StandardOpsDialect not needed after rewriter.inlineRegionBefore change.

mlir/test/Dialect/Linalg/detensorized_0d.mlir
2

do not run canonicalize as part of the test. that is fragile.

12

add a test case that uses an op from some unknown dialect in the body (to verify that the rewriting logic is agnostic to the body ops)

mlir/test/Dialect/Linalg/detensorized_while.mlir
1 ↗(On Diff #323679)

This test can be added when you add the control flow support. For now, it isn't testing much.

This revision now requires changes to proceed.Feb 17 2021, 11:21 AM
ergawy updated this revision to Diff 324899.Feb 19 2021, 12:21 AM
ergawy marked 6 inline comments as done.

Handle review comments:

  • Use inlining instead of cloning.
  • Clean-up unneeded code.
  • Add more tests.
ergawy retitled this revision from [WIP] -- [MLIR][LinAlg] Start detensoring implementation. to [MLIR][LinAlg] Start detensoring implementation..Feb 19 2021, 12:23 AM
ergawy updated this revision to Diff 324922.Feb 19 2021, 1:51 AM

Simplify converted code by merging some blocks.

mikeurbach added inline comments.
mlir/lib/Dialect/Linalg/Transforms/Detensorize.cpp
77

For entry block arguments, do we end up here? I think you'd want them to convert to themselves, i.e. end up on L78.

silvas accepted this revision.Feb 22 2021, 10:23 AM

Perfect!

This revision is now accepted and ready to land.Feb 22 2021, 10:23 AM
silvas added inline comments.Feb 22 2021, 10:23 AM
mlir/lib/Dialect/Linalg/Transforms/Detensorize.cpp
77

the patch doesn't rewrite block args yet.

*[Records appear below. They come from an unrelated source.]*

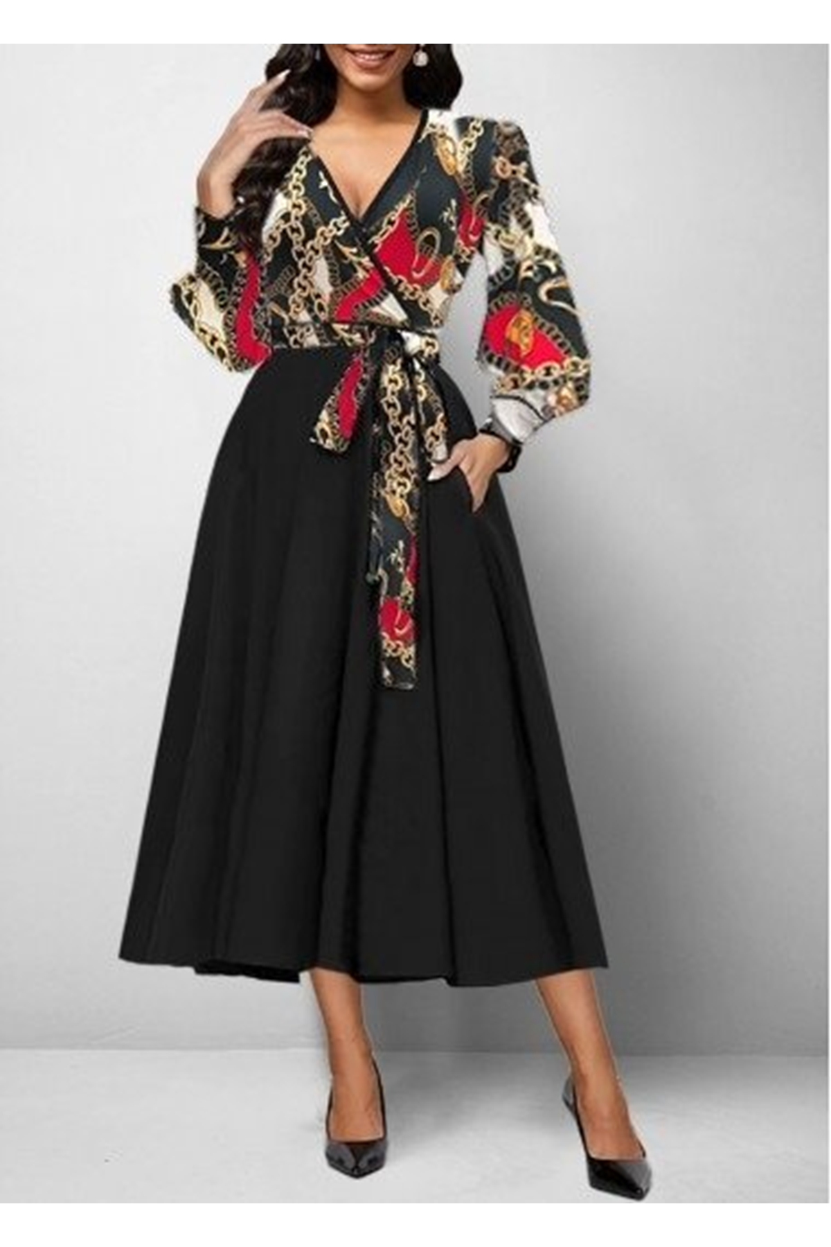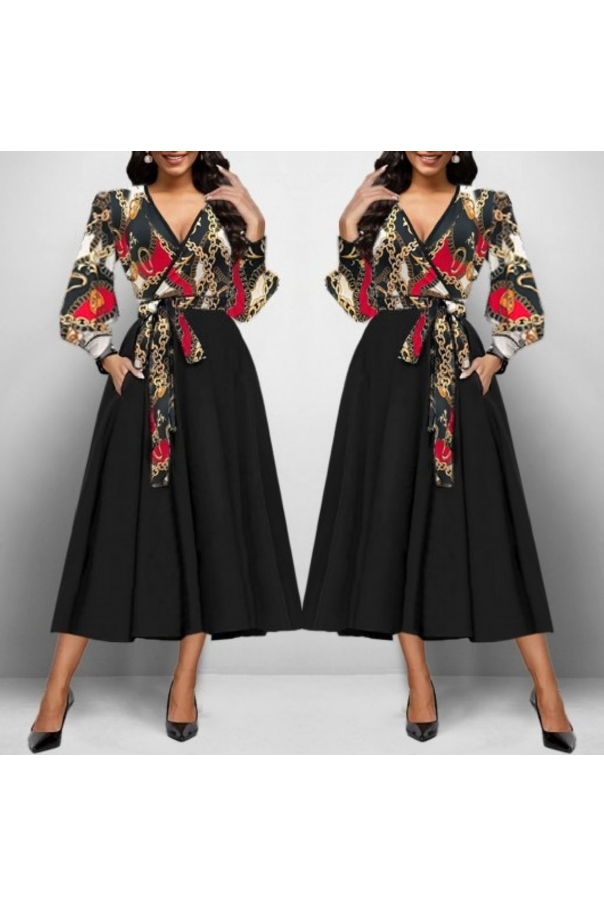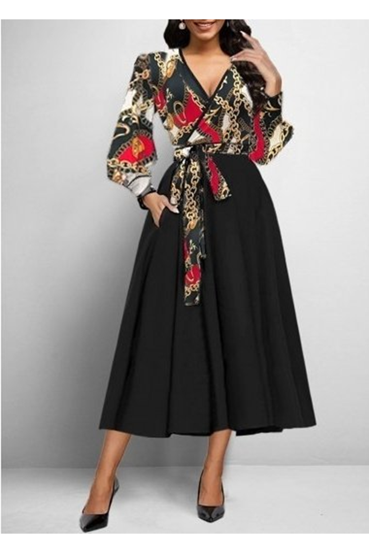 Kadın Uzun Kollu Kruvaze Yaka Dalgıç Krep Midi Boy Elbise
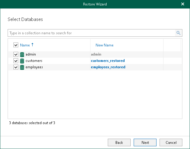 In the New Name column, you can specify a new name for the selected database on the target server. If the renamed database does not exist on the target server, it will be created.
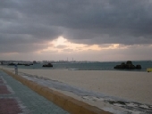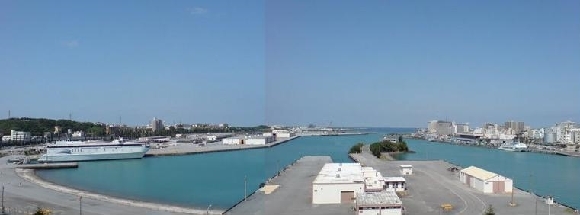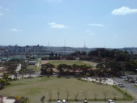 こっちは、寝室のベランダから。角部屋なので、ベランダが2つあります。 おお、ナイスなパノラマ! アメリカの軍港ですが、なんか豪華客船みたいなのが停泊してます。 東シナ海が遠くに見えますね。しかし米軍は広い土地持ってるんですねー。 返せっていいたくなる気持ちもわかるよ。
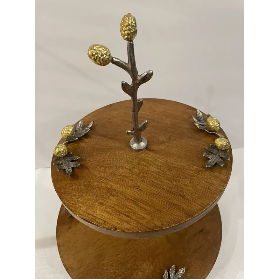 งานแต่งงานตกแต่งเค้กยืน2ชั้นถาดเสิร์ฟไม้พร้อมที่เน้นเสียงนกสีทองสำหรับเครื่องประดับบนโต๊ะในโรงแรม

mikeurbach added inline comments.Feb 22 2021, 12:22 PM
mlir/lib/Dialect/Linalg/Transforms/Detensorize.cpp
77

Yep, sorry for the noise, I just wanted to point this out after it was mentioned on Discourse. I couldn't find a simple way to link directly to this line in this revision to paste into Discourse.

This revision was landed with ongoing or failed builds.Feb 22 2021, 11:28 PM
This revision was automatically updated to reflect the committed changes.